Мишель понимал безвыходность сложившегося положения. Понять нетрудно! Гораздо труднее смириться с тем, что все усилия, затраченные на подготовку, усилия, затраченные уже в самой гонке, пропали впустую. Это и обидно и горько. А идти вперед — значит поливать бесконечную ленту шоссе собственной кровью. Тем не менее Мишель твердо решил рискнуть.
До старта постарались принять кое-какие меры. Роже отдал Мишелю единственный оставшийся у него замшевый тампон и внимательно присматривал за товарищем на первых милях пути.
Вначале Мишель держался молодцом, и Крокодил успокоился. Но, увидев, как по ноге Мишеля поползла кровавая полоса, размываемая потоками пота, немедленно перебрался к нему поближе. Мишель шел бледный, широко открыв рот, будто задыхался, темные глазницы провалились.
— Плохо? — бросил Роже.
— Да, — чистосердечно признался Мишель.
Несколько секунд они катились рядом. Крокодил видел, как трудно Мишелю держать даже такую низкую скорость. Роже мучительно искал слова, способные убедить Мишеля в разумности самого неприятного решения и в то же время не обидеть.

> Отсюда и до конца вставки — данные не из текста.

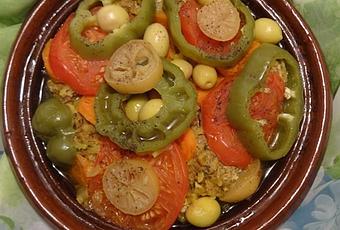 2. En un tagine, verter el aceite de oliva, añadir la cebolla picada y cocinar durante aproximadamente 4-5 minutos. Añadir las albóndigas de sardina y sobre ellas colocar las zanahorias, tomates, pimientos, el limón, todos cortados en rodajas, y las aceitunas. Espolvorea con un poco de pimienta.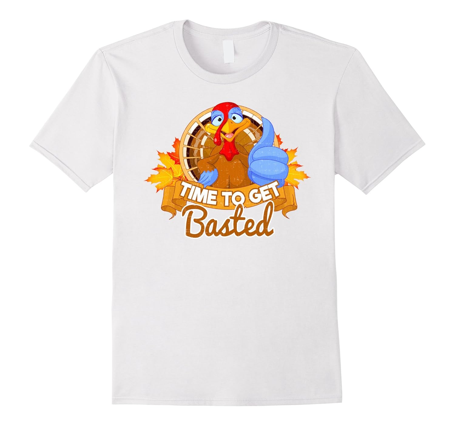 Solid colors: 100% Cotton; Heather Grey: 90% Cotton, 10% Polyester; All Other Heathers: 65% Cotton, 35% Polyester, Imported, Machine wash cold with like colors, dry low heat, Funny Thanksgiving Turkey thumbs up picture, Time to Get Basted text, Lightweight, Classic fit, Double-needle sleeve and bottom hem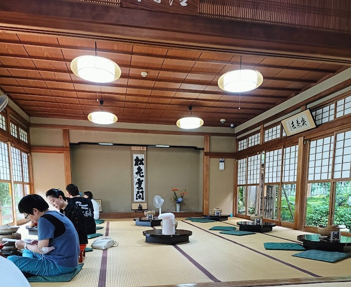 תחילה חשבנו כי המסעדה סגורה, היות וגוגל מפס כיוון אותנו לכניסה האחורית. אבל לא התייאשנו למרות החום הנורא ששרר (36-7 מעלות ביפן!!!) ומצאנו את הכניסה הראשית בכיוון אחר. (שער ועליו וילון כחול). יש לחלוץ נעליים. כך שאני מראש מאוהבת… הסבה על רצפת טאטאמי מול נוף מעורר השתאות.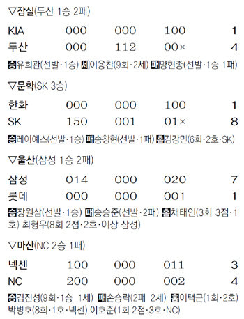 잠실에서는 두산이 선발 유희관(28)의 7이닝 1실점 호투를 발판으로 KIA를 4-1로 꺾고 3연패에서 탈출했다. 삼성 역시 울산에서 롯데에 7-1로 승리하며 3연패를 끊었다. SK는 문학에서 한화를 8-1로 꺾고 4연승으로 선두 자리에 올랐다.

— Мишель, — Роже положил руку на руль товарища, — ты теряешь слишком много крови... Нам будет очень трудно без тебя. Но это не последняя гонка.
— Я понял, — услало улыбнулся Мишель. — Пожалуй, мне все равно до финиша не дотянуть.
Он не хотел признаваться, что уже несколько раз цветастое марево застилало глаза и однажды он чуть не сел колесом на чужую педаль. Признаваться в собственной слабости всегда неприятно.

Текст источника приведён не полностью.